# EXERCISE DATA

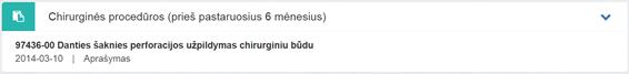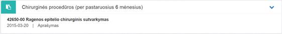 11. Chirurginės procedūros (prieš pastaruosius 6 mėnesius). Bloke rodomos visos chirurginės procedūros iš pasirašytų neatšauktų E025 ir E003 dokumentų, kurioms laiko skirtumas tarp einamosios datos ir procedūros atlikimo datos > 6 mėnesiai. Matoma informacija apie chirurgines procedūras iš dokumento, kuriame jos buvo įvestos: procedūros kodas ir pavadinimas (ACHI), procedūros atlikimo data, procedūros papildomas aprašymas.
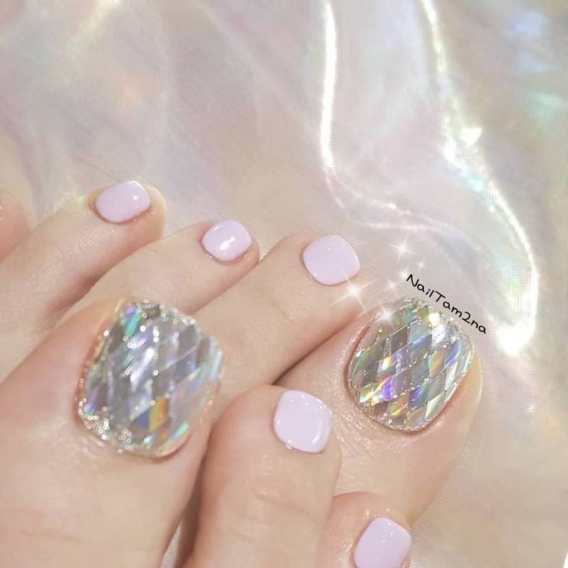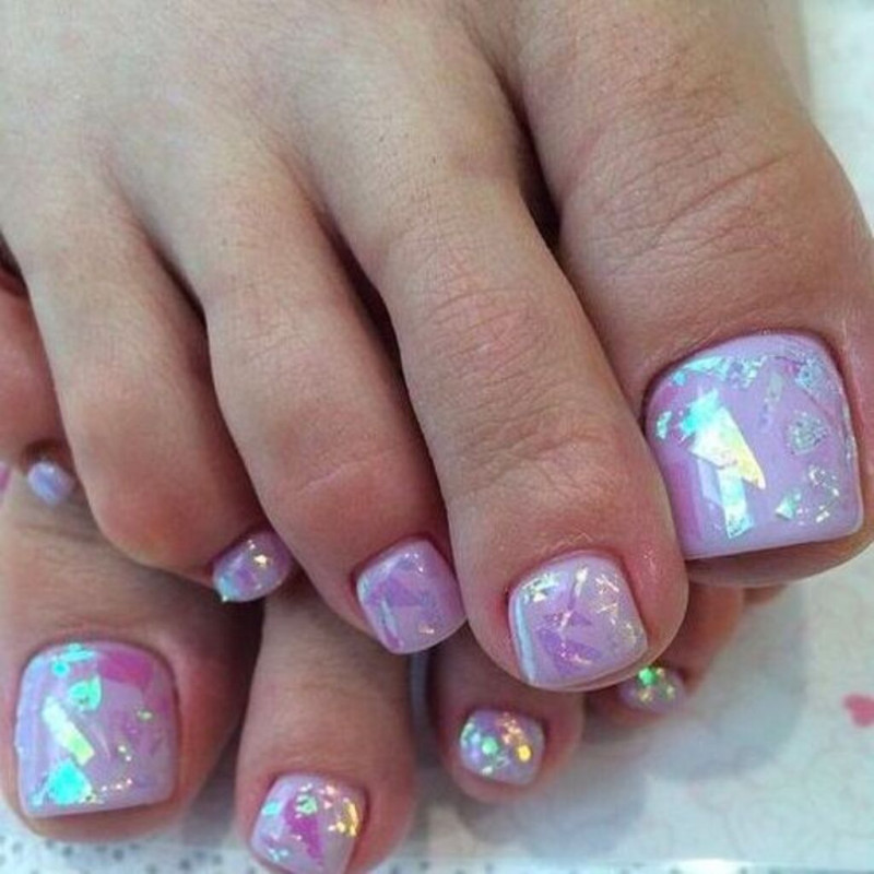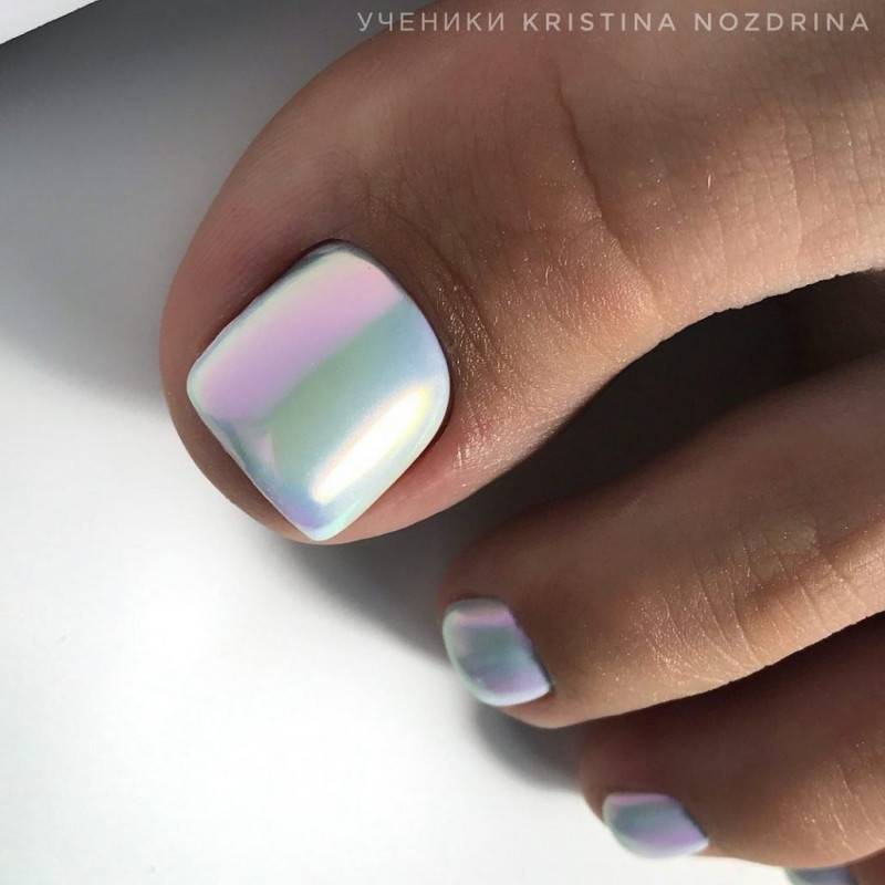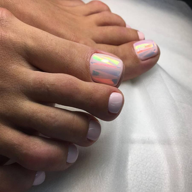 Этот вид дизайна уже давно завоевал популярность среди модниц. Однако для маникюра он кажется самым ярким, поэтому его принято делать не на всех ногтях. А вот для педикюра — самое то! Тем более, что голографическая втирка признана одним из трендов весны 2024 года.
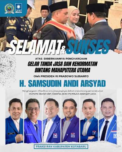 Kotabaru, Kalselpos.com – Luar biasa, penyematan Bintang Mahaputera Utama kepada salah seorang pengusaha yaitu, H Samsudin Andi Arsyad, membuat bangga sejumlah pihak, termasuk dari anggota DPRD Kotabaru khususnya fraksi PAN, Senin (25/8/25).
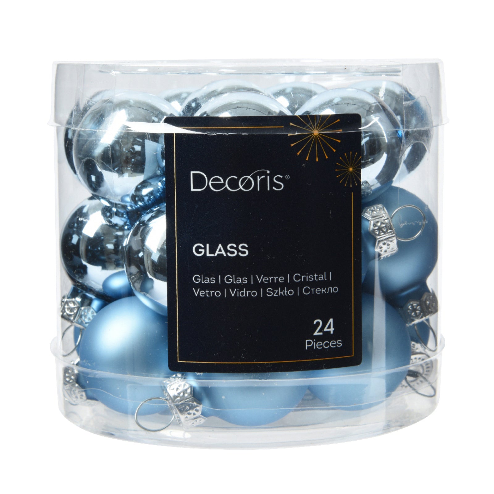 Palline in vetro per albero di natale blu ghiaccio decorazione natalizia 24 Palline da Ø 2,5 cm
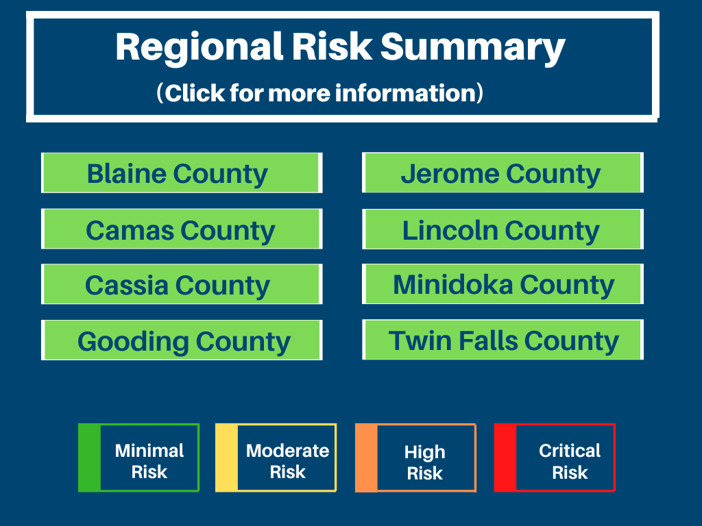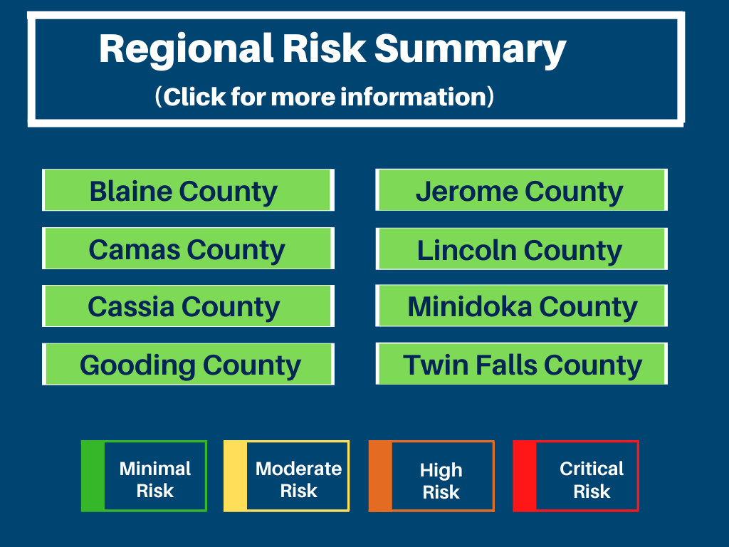 SCPHD is no longer issuing risk assessments. The documents below are historical copies of assessments issued for the region. If you have any questions please contact the COVID-19 hotline: 208-737-1138.
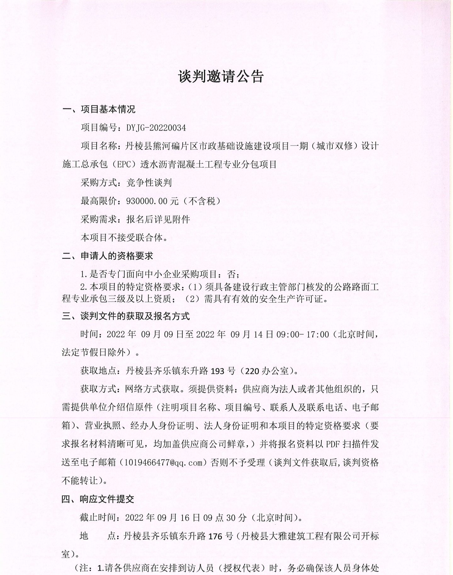 丹棱縣熊河碥片區(qū)市政基礎(chǔ)設(shè)施建設(shè)項(xiàng)目一期(城市雙修)設(shè)計(jì)施工總承包(EPC)透水瀝青混凝土工程專業(yè)分包項(xiàng)目談判邀請公告
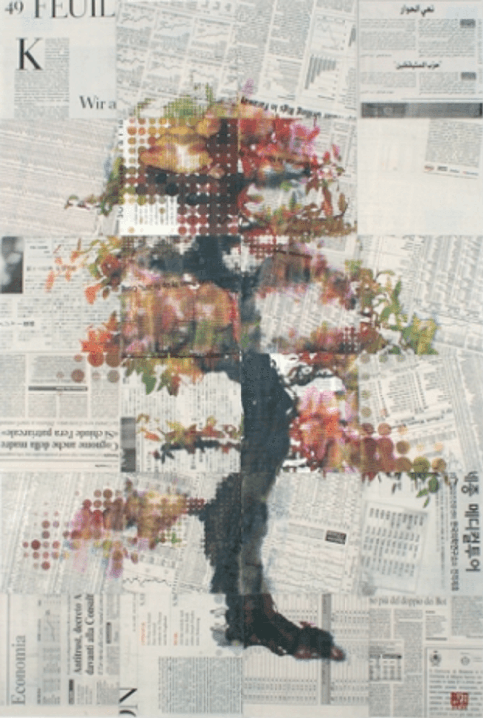 Phillip Hua: A perennial favorite, Hua is interested in the intersection of painting and contemporary society. His inked tree blossoms printed on newspaper speak to the relationship between nature and technology.

# TRY IT
The lines wanted are those from the one with "Kotabaru, Kalselpos.com –" to the end of the entries above, repeated exactly, both ends included. Leave out the pictures.

# EXPECTED OUTPUT
 Kotabaru, Kalselpos.com – Luar biasa, penyematan Bintang Mahaputera Utama kepada salah seorang pengusaha yaitu, H Samsudin Andi Arsyad, membuat bangga sejumlah pihak, termasuk dari anggota DPRD Kotabaru khususnya fraksi PAN, Senin (25/8/25).
 Palline in vetro per albero di natale blu ghiaccio decorazione natalizia 24 Palline da Ø 2,5 cm
 SCPHD is no longer issuing risk assessments. The documents below are historical copies of assessments issued for the region. If you have any questions please contact the COVID-19 hotline: 208-737-1138.
 丹棱縣熊河碥片區(qū)市政基礎(chǔ)設(shè)施建設(shè)項(xiàng)目一期(城市雙修)設(shè)計(jì)施工總承包(EPC)透水瀝青混凝土工程專業(yè)分包項(xiàng)目談判邀請公告
 Phillip Hua: A perennial favorite, Hua is interested in the intersection of painting and contemporary society. His inked tree blossoms printed on newspaper speak to the relationship between nature and technology.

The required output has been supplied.